[Source records]
= Beginning of Section =
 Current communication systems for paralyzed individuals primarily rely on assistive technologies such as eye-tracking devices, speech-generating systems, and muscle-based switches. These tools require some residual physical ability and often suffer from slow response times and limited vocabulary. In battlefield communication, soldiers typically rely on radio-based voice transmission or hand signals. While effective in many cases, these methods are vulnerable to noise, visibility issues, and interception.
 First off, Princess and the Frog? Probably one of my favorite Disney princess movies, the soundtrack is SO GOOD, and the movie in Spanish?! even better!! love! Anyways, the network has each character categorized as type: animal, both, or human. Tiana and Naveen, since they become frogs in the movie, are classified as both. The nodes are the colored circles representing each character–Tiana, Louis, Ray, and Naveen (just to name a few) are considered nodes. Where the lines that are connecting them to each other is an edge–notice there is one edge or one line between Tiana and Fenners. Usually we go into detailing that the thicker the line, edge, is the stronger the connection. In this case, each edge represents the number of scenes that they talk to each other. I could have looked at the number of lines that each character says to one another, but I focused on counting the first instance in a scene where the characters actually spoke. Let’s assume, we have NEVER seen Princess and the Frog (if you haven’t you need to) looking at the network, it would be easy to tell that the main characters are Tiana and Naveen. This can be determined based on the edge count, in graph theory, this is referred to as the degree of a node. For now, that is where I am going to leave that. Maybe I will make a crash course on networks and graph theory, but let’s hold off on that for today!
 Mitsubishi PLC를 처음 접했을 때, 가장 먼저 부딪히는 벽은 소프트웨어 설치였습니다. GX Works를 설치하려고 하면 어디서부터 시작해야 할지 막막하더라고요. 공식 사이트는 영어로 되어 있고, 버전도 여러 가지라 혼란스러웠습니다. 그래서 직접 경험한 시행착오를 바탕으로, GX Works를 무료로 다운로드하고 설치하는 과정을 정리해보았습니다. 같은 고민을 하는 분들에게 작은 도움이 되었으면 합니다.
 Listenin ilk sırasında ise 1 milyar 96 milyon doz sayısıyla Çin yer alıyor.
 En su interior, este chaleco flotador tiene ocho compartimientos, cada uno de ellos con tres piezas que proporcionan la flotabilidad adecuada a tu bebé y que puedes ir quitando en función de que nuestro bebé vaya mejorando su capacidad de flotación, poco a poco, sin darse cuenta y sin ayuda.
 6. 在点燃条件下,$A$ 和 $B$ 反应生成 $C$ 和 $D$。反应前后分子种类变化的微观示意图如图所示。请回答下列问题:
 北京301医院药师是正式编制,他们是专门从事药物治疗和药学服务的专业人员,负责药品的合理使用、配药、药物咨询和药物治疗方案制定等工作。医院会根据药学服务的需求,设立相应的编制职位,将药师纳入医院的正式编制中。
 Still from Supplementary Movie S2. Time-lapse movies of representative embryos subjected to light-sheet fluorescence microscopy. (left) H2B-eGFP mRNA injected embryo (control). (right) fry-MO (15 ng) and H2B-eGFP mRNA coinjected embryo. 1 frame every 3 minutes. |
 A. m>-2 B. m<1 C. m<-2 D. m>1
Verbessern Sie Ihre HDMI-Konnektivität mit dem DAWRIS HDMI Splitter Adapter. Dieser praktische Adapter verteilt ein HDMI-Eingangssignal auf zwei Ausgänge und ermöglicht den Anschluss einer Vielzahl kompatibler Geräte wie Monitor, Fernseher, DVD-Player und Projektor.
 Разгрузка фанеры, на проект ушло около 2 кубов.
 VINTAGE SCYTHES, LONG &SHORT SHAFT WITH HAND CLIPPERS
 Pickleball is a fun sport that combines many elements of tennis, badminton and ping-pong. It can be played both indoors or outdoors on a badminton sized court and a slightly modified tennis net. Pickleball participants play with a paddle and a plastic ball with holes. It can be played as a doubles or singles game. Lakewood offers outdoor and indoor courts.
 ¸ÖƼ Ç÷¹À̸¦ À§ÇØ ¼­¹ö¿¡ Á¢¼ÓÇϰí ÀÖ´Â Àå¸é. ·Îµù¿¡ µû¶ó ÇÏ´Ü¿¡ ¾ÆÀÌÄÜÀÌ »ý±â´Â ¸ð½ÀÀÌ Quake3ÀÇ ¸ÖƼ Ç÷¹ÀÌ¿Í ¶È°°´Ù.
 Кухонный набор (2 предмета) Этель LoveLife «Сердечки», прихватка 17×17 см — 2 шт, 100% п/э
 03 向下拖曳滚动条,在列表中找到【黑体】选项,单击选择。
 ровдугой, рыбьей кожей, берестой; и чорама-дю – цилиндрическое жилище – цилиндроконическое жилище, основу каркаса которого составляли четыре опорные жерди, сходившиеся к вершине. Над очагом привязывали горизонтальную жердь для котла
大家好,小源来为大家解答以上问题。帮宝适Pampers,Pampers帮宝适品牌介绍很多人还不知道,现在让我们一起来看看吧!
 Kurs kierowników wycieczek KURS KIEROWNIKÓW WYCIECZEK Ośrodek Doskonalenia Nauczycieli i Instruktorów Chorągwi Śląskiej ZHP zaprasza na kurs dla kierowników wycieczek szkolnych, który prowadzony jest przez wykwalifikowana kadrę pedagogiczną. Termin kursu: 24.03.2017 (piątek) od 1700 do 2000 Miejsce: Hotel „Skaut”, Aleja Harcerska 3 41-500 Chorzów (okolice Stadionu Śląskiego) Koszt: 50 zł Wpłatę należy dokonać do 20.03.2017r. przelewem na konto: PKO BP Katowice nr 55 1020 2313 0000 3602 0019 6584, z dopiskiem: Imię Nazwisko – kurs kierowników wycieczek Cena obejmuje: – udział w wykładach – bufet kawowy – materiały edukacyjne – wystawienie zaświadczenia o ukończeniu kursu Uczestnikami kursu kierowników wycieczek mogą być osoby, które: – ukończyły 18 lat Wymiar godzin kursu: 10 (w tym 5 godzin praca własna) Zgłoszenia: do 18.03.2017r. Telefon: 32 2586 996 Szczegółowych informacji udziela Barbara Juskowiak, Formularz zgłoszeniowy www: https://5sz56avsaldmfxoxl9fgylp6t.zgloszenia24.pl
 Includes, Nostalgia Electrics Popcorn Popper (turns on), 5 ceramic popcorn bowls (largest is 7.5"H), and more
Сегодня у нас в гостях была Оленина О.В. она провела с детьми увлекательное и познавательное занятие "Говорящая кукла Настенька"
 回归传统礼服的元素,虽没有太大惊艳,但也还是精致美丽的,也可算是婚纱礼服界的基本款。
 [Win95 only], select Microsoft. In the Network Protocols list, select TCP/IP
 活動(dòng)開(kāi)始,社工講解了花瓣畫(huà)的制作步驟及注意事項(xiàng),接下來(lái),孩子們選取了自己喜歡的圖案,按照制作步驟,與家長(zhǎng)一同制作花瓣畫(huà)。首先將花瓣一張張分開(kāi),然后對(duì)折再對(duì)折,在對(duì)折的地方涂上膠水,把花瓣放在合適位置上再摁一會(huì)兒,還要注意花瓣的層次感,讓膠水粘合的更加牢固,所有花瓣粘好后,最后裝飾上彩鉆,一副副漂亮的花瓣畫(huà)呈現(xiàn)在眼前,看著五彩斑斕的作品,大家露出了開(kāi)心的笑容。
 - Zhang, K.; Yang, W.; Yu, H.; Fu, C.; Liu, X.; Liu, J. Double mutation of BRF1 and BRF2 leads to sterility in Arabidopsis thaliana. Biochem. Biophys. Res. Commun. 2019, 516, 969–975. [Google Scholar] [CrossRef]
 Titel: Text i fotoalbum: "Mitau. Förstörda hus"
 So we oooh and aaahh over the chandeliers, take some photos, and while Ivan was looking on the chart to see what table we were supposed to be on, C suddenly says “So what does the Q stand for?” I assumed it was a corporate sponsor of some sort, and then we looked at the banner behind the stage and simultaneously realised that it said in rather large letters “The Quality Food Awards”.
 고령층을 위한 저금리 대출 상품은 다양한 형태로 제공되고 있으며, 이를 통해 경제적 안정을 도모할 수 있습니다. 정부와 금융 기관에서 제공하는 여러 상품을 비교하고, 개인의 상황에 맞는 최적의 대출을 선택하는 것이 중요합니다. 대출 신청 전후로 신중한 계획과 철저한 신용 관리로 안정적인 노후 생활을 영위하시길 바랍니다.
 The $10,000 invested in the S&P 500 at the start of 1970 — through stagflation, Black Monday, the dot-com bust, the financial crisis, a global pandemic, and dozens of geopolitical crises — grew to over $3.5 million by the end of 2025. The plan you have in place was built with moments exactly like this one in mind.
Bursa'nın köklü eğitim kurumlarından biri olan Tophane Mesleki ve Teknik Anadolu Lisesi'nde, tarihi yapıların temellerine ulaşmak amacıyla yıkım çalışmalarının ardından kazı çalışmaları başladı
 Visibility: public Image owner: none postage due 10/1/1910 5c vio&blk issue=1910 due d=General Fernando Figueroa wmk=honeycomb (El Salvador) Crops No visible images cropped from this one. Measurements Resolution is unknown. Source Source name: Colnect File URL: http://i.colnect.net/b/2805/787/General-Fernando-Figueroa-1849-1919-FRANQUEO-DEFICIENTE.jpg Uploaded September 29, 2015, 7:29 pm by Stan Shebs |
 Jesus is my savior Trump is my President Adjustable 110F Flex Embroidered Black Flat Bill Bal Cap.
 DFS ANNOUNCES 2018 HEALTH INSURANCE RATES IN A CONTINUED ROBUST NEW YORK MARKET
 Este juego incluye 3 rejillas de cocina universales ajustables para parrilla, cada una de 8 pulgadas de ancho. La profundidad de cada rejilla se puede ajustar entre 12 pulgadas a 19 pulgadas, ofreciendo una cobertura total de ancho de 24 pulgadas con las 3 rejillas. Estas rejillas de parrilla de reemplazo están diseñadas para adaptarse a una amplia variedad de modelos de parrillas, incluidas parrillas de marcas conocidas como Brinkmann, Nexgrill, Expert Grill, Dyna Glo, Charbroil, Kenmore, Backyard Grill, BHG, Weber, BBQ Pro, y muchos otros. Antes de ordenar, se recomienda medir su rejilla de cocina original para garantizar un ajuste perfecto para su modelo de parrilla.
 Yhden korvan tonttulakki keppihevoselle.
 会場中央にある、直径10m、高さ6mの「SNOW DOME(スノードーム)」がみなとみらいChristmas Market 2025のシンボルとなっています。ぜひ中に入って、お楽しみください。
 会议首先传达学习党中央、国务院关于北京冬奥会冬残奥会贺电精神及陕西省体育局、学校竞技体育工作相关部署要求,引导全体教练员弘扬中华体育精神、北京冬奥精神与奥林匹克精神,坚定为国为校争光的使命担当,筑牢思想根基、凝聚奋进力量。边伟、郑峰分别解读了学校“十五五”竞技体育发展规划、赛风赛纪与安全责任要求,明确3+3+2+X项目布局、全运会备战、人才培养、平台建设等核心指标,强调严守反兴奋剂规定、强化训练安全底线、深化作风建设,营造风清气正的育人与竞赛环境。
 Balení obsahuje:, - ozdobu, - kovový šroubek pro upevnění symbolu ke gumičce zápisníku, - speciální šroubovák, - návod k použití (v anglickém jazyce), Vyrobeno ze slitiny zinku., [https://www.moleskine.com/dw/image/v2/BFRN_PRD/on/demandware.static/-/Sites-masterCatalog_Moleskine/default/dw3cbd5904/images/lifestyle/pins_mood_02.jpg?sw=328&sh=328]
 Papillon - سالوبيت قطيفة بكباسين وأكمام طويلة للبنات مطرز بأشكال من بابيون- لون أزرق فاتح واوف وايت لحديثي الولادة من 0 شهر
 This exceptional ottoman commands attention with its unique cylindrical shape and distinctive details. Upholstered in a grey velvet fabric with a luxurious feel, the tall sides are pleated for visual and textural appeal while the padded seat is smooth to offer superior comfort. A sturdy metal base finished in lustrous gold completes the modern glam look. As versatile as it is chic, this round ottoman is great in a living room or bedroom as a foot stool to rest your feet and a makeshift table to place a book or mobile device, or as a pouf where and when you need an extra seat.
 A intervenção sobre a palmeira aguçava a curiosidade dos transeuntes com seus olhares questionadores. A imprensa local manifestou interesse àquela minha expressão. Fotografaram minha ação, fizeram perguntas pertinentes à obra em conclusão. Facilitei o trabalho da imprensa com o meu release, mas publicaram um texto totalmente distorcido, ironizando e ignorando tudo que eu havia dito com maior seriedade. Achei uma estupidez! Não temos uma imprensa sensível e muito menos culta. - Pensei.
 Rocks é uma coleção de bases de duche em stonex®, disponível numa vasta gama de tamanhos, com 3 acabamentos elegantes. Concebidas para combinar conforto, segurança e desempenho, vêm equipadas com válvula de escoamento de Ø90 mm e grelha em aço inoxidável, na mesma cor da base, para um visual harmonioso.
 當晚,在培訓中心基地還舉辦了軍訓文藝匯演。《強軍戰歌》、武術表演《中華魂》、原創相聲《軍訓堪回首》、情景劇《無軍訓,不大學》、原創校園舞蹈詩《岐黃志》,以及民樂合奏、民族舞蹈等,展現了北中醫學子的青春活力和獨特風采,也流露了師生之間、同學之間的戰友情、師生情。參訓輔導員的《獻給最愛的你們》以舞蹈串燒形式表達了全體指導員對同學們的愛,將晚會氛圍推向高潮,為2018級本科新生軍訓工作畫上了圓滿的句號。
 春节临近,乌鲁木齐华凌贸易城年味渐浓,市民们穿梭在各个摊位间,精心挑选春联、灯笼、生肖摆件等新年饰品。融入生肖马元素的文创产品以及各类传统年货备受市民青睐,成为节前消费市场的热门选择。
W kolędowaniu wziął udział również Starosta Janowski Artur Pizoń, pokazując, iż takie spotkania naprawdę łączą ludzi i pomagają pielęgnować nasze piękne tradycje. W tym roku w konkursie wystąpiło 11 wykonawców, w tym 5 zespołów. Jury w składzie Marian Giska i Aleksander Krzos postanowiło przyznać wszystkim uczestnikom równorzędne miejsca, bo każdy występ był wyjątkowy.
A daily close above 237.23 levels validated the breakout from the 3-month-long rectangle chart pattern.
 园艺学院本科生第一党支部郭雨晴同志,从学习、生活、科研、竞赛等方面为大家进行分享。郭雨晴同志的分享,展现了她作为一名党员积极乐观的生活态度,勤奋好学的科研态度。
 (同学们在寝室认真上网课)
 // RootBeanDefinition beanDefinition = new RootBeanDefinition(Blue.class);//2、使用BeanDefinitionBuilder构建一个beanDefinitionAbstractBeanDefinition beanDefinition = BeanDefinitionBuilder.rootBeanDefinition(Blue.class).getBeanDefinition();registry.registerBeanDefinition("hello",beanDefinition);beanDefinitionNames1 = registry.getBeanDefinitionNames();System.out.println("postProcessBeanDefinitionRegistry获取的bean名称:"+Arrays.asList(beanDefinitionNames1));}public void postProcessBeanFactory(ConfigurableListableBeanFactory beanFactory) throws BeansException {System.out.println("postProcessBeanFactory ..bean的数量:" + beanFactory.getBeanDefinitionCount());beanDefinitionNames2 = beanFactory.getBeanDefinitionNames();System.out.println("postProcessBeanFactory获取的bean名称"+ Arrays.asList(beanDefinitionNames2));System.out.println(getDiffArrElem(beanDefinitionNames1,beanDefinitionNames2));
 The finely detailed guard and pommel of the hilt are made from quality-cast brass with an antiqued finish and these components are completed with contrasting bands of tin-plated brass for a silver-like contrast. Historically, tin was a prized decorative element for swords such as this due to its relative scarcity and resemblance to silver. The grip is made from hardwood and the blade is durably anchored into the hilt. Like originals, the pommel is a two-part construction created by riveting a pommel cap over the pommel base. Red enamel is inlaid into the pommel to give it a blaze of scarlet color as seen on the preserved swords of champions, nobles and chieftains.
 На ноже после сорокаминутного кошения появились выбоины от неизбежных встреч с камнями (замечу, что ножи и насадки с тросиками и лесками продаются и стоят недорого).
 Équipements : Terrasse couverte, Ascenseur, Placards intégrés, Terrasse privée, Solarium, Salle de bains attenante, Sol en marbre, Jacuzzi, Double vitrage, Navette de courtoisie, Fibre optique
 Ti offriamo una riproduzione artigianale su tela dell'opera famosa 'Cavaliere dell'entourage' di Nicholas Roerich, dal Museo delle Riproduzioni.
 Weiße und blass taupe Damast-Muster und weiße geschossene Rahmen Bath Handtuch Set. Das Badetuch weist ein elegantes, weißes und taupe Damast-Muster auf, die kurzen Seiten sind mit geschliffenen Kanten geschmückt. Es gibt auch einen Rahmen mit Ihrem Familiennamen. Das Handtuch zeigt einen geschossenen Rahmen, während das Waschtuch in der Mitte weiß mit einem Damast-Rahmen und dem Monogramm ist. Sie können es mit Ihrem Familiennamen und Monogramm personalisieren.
= End of Section =
### Required action
Please return only the lines above, starting at the line that has "Кухонный набор (2 предмета)" and ending at the line that has "ровдугой, рыбьей кожей, берестой;", keeping both and leaving each one unchanged.

### Response
 Кухонный набор (2 предмета) Этель LoveLife «Сердечки», прихватка 17×17 см — 2 шт, 100% п/э
 03 向下拖曳滚动条,在列表中找到【黑体】选项,单击选择。
 ровдугой, рыбьей кожей, берестой; и чорама-дю – цилиндрическое жилище – цилиндроконическое жилище, основу каркаса которого составляли четыре опорные жерди, сходившиеся к вершине. Над очагом привязывали горизонтальную жердь для котла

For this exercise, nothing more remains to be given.